Patent data-driven analysis of literature associations with changing innovation trends

Front Res Metr Anal. 2024 Aug 1:9:1432673. doi: 10.3389/frma.2024.1432673. eCollection 2024.

Abstract

Patents are essential for transferring scientific discoveries to meaningful products that benefit societies. While the academic community focuses on the number of citations to rank scholarly works according to their "scientific merit," the number of citations is unrelated to the relevance for patentable innovation. To explore associations between patents and scholarly works in publicly available patent data, we propose to utilize statistical methods that are commonly used in biology to determine gene-disease associations. We illustrate their usage on patents related to biotechnological trends of high relevance for food safety and ecology, namely the CRISPR-based gene editing technology (>60,000 patents) and cyanobacterial biotechnology (>33,000 patents).
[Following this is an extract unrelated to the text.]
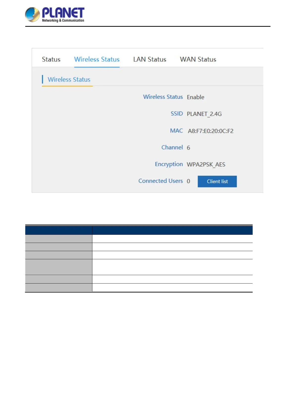 SSID It shows the SSID of the AP. Default is PLANET_2.4G or PLANET_5G
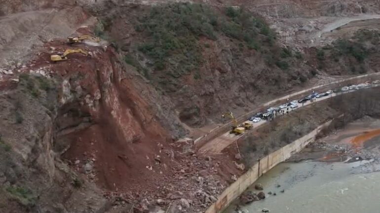 Në pamjet me dron të sigurura nga News24 shihet se si Kompania ANK shpk e cila po punon për ndërtimin e segmentit rrugor, pjesë e Korridorit Tetë, vijon punimet për shembjen e pjesës së rrezikshme në zonën e njohur si Kthesat e Dragostunjës.

Innovation trends are found through their unexpected large changes of patent numbers in a time-series analysis. From the total set of scholarly works referenced by all investigated patents (~254,000 publications), we identified ~1,000 scholarly works that are statistical significantly over-represented in the references of patents from changing innovation trends that concern immunology, agricultural plant genomics, and biotechnological engineering methods. The detected associations are consistent with the technical requirements of the respective innovations. In summary, the presented data-driven analysis workflow can identify scholarly works that were required for changes in innovation trends, and, therefore, is of interest for researches that would like to evaluate the relevance of publications beyond the number of citations.

Keywords: big data; biotechnology; literature associations; open data; patents.

Grants and funding

The author(s) declare financial support was received for the research, authorship, and/or publication of this article. This work was funded by the Independent Research Fund Denmark (grant number 1032-00370B).